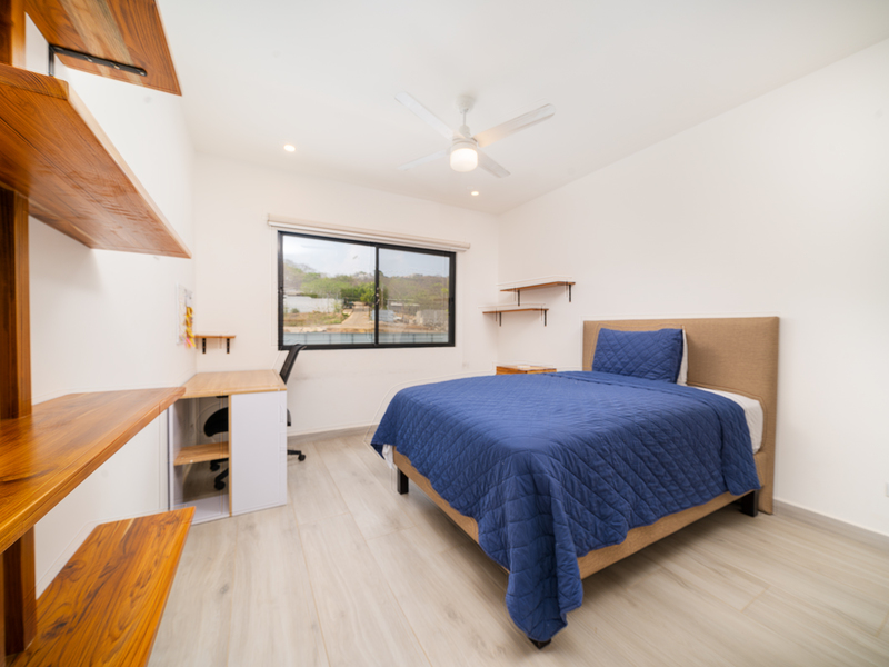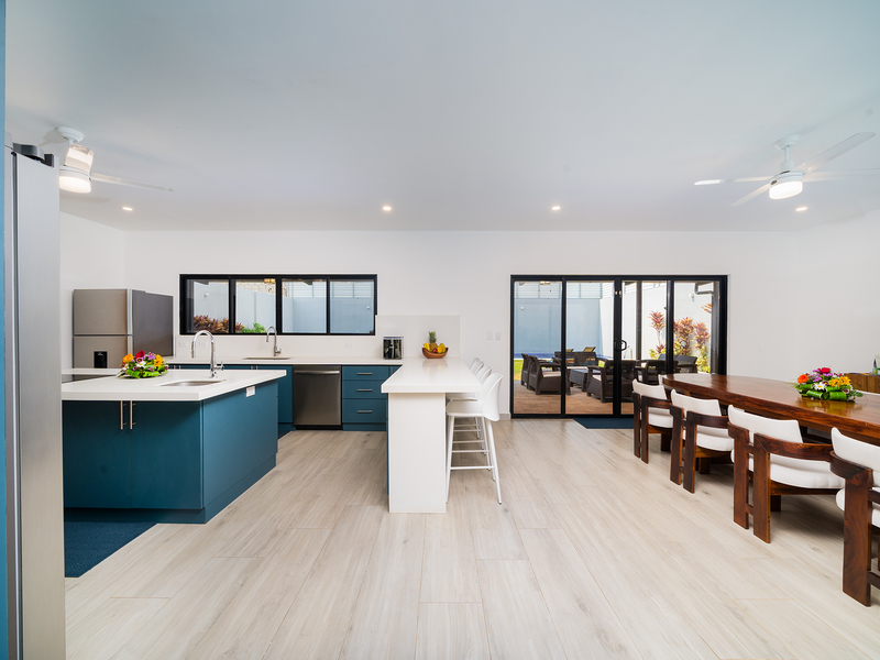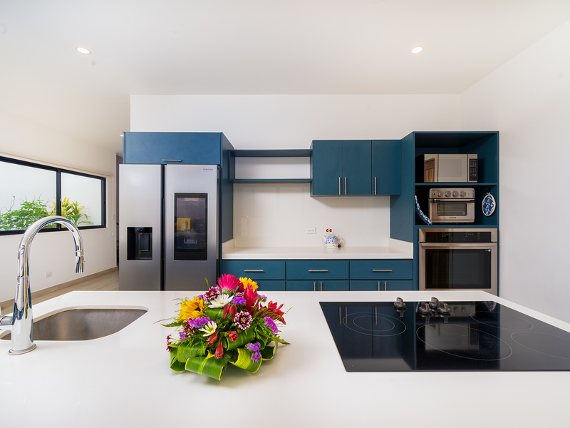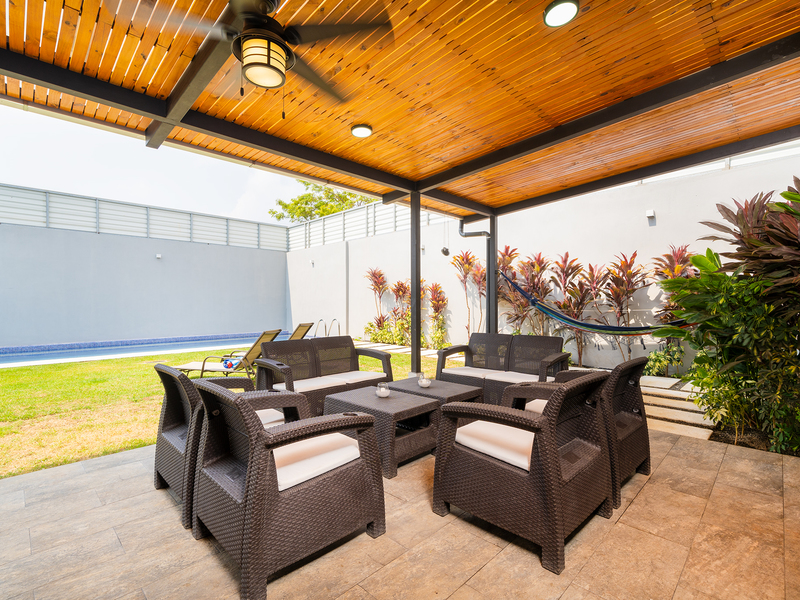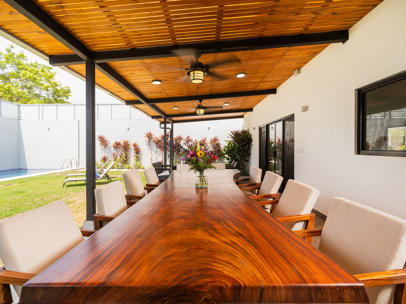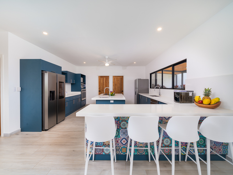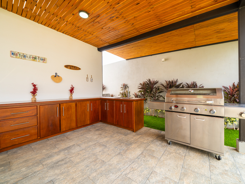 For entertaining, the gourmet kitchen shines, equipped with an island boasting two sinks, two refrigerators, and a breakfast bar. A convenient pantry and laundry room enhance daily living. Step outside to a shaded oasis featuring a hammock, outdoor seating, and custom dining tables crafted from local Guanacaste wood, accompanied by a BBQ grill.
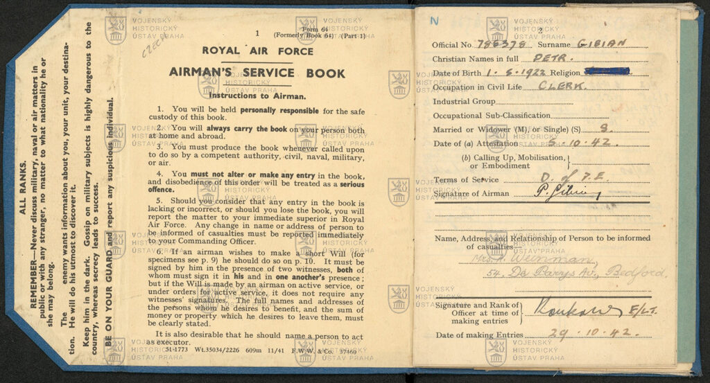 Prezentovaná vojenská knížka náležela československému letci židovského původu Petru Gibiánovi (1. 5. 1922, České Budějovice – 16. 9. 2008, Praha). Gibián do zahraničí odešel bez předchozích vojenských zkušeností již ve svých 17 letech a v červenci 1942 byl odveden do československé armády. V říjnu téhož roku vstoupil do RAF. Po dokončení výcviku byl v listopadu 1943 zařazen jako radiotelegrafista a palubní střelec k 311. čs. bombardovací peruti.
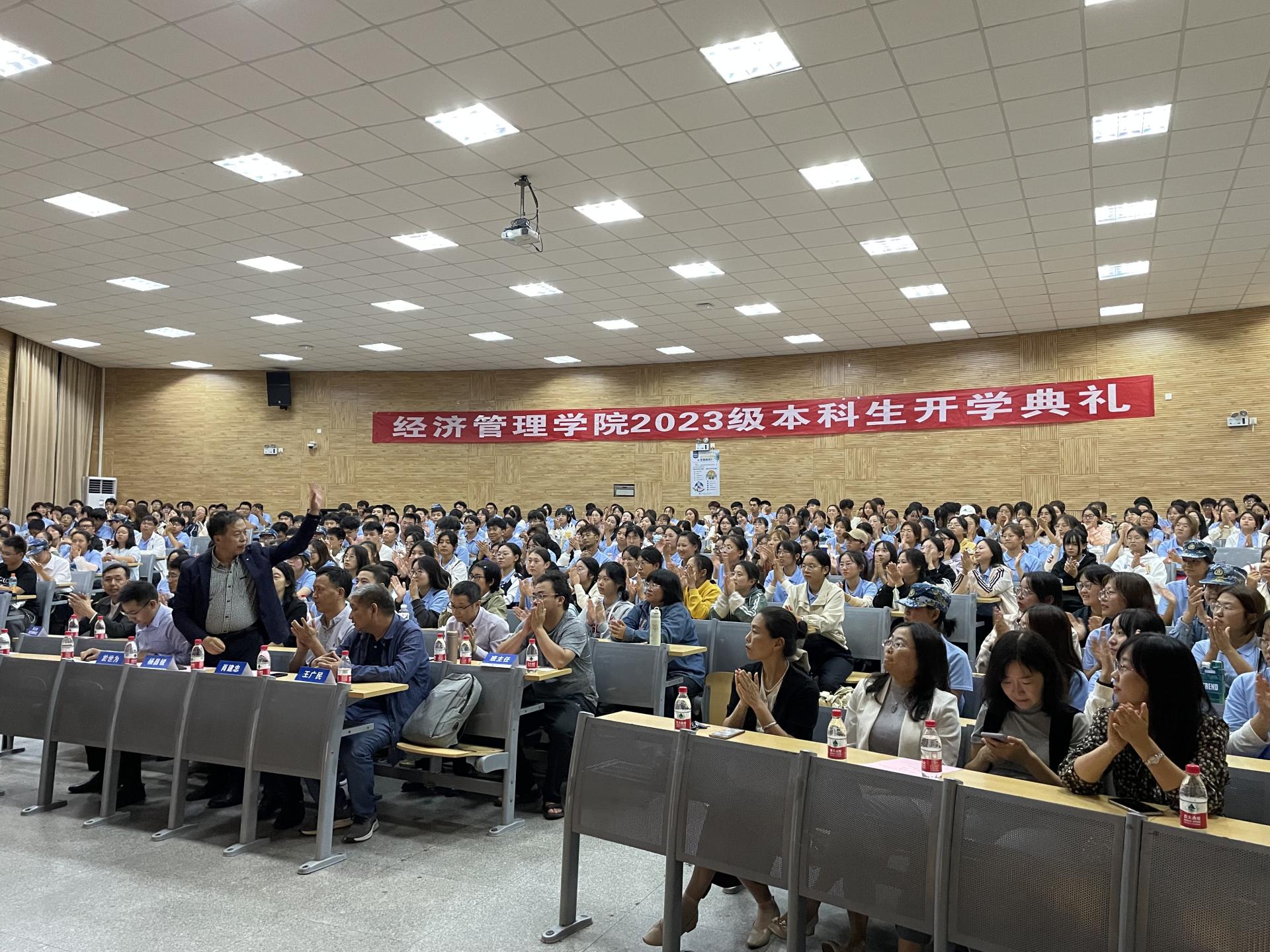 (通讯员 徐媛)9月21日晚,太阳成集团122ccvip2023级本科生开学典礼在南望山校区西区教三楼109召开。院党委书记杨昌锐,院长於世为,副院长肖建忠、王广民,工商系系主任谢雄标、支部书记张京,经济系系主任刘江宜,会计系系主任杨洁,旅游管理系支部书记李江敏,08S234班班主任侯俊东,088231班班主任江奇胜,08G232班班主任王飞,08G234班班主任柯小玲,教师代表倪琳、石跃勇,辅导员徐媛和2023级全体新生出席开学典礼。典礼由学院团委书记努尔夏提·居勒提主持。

::::::::

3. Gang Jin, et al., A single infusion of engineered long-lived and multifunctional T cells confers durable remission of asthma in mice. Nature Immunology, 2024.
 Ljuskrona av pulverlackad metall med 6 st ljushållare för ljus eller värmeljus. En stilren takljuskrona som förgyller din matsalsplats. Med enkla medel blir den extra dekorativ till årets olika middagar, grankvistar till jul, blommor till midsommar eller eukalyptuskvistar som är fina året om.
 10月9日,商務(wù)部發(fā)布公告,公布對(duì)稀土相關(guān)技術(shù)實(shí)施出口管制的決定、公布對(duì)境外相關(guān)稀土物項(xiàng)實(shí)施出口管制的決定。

::::::::

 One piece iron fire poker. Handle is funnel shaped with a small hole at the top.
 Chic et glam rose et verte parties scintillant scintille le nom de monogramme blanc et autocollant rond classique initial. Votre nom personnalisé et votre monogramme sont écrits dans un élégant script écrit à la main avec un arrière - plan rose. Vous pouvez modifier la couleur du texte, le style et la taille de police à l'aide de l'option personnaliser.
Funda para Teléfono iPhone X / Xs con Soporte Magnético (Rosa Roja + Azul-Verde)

::::::::

EXERCISE
Within the entries above, give again exactly the lines starting at the one that contains "For entertaining, the" and ending at the one that contains "(通讯员 徐媛)9月21日晚", leaving out the pictures.

OUTPUT FOR THIS TASK
 For entertaining, the gourmet kitchen shines, equipped with an island boasting two sinks, two refrigerators, and a breakfast bar. A convenient pantry and laundry room enhance daily living. Step outside to a shaded oasis featuring a hammock, outdoor seating, and custom dining tables crafted from local Guanacaste wood, accompanied by a BBQ grill.
 Prezentovaná vojenská knížka náležela československému letci židovského původu Petru Gibiánovi (1. 5. 1922, České Budějovice – 16. 9. 2008, Praha). Gibián do zahraničí odešel bez předchozích vojenských zkušeností již ve svých 17 letech a v červenci 1942 byl odveden do československé armády. V říjnu téhož roku vstoupil do RAF. Po dokončení výcviku byl v listopadu 1943 zařazen jako radiotelegrafista a palubní střelec k 311. čs. bombardovací peruti.
 (通讯员 徐媛)9月21日晚,太阳成集团122ccvip2023级本科生开学典礼在南望山校区西区教三楼109召开。院党委书记杨昌锐,院长於世为,副院长肖建忠、王广民,工商系系主任谢雄标、支部书记张京,经济系系主任刘江宜,会计系系主任杨洁,旅游管理系支部书记李江敏,08S234班班主任侯俊东,088231班班主任江奇胜,08G232班班主任王飞,08G234班班主任柯小玲,教师代表倪琳、石跃勇,辅导员徐媛和2023级全体新生出席开学典礼。典礼由学院团委书记努尔夏提·居勒提主持。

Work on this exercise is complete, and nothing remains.